The Time article generally reads like an idiots guide to the Captcha, there was an interesting point in the last paragraph that caught my eye. The Internet archive as part of their book scanning project collects a register of words that the OCR process cannot recognise. It farms those out to sites that need captchas. The owners of those sites do a translation for the archive and then use it on their site for their own turing test purposes.
This is a great example of business needs merging. The Internet Archive needs people to translate the words that the OCR can’t. By farming these out to many of the sites that need to prove their potential users are human they get the benefit of eyes they cannot afford to hire. The sites then get use of an image that can be used as a Captcha, one that they know sophisticated OCR was unable to decode. Everyone wins. One of the great benefits of the Internet is how it eases the connections between peoples needs.

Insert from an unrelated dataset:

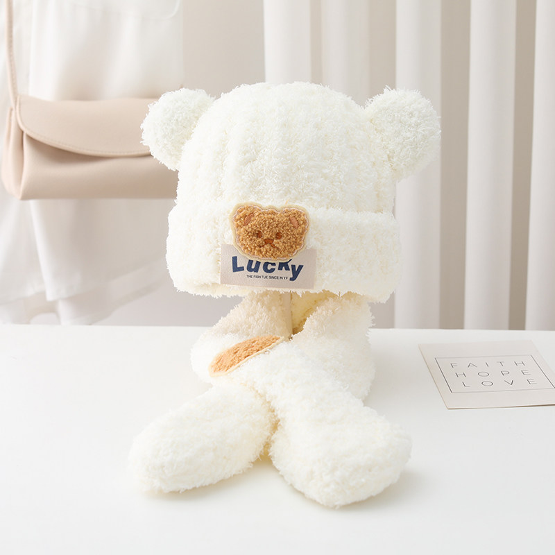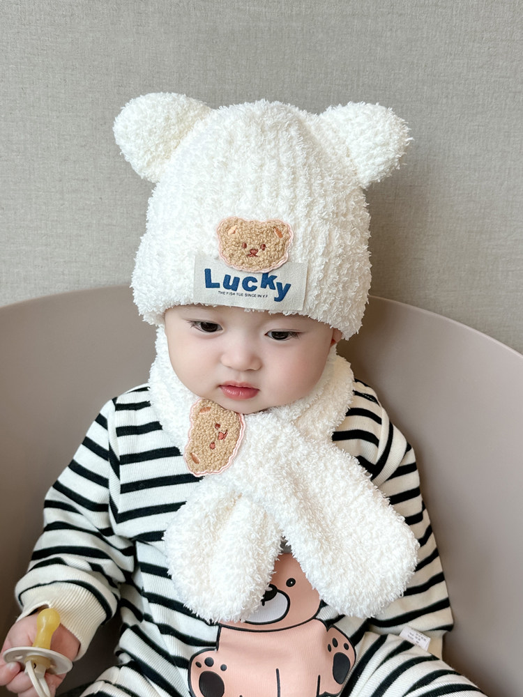 尼多熊婴儿帽子秋围脖一体宝宝毛绒帽防风护耳帽冬季保暖婴幼儿帽

And a trip to the Internet Archive is always a good idea.
Matit I see 11 comments by you having been approved in the past month?
Thanks for pointing out the URL error. All comments on the site are moderated to ensure post with Spam do not get posted. I do not review the thousands of spam submissions the system flags each day so if your post have been getting flagged as spam I suggest you login and post a comment.
Interesting but I sure don’t need captchas foiling me… rapidshare for example… its alot easier and CHEAPER (free) to use software that automatically downloads from the site or switches IP addresses.. so I don’t have to mess with the security features.
I think this is only fair and not stealing because I work for an international company that has one IP for its entire network. This makes fighting over rapidshare bandwith a pain. Its only fair I should have something in my corner when everything else is stacked against me.
I depend on captcha defeating software daily.